§ **Goal of the exercise**
Go to the line holding "un carácter rico." in the entries below and write out exactly every line down to and including the line holding "賽后采訪,完成勇士首秀的波爾".

§ **Source data**
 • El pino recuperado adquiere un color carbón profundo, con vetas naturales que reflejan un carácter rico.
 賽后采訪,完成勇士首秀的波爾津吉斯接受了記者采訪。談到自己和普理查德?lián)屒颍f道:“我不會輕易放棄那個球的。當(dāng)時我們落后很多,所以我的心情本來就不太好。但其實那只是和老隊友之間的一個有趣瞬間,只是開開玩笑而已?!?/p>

...

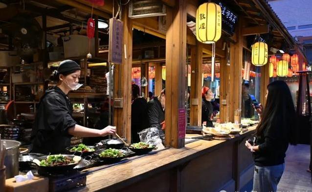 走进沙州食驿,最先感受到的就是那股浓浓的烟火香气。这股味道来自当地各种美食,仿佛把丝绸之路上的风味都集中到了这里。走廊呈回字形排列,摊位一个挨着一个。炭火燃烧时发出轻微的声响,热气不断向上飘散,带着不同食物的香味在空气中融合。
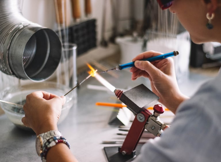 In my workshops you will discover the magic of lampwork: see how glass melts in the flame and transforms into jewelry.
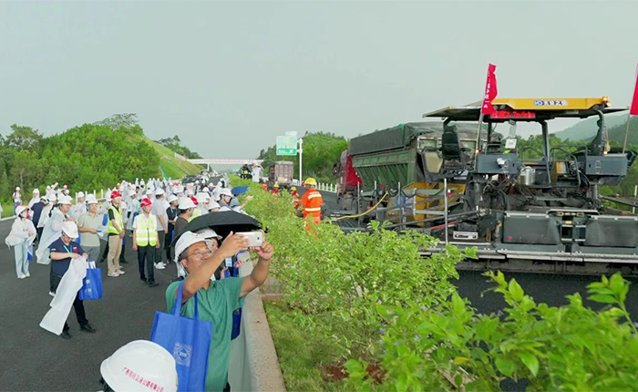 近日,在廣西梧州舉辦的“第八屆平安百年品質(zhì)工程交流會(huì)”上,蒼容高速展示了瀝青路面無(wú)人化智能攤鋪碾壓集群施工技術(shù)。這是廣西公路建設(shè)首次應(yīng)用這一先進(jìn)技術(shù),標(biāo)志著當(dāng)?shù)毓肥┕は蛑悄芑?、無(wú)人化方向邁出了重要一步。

§ **Solution for this problem**
 • El pino recuperado adquiere un color carbón profundo, con vetas naturales que reflejan un carácter rico.
 賽后采訪,完成勇士首秀的波爾津吉斯接受了記者采訪。談到自己和普理查德?lián)屒颍f道:“我不會輕易放棄那個球的。當(dāng)時我們落后很多,所以我的心情本來就不太好。但其實那只是和老隊友之間的一個有趣瞬間,只是開開玩笑而已?!?/p>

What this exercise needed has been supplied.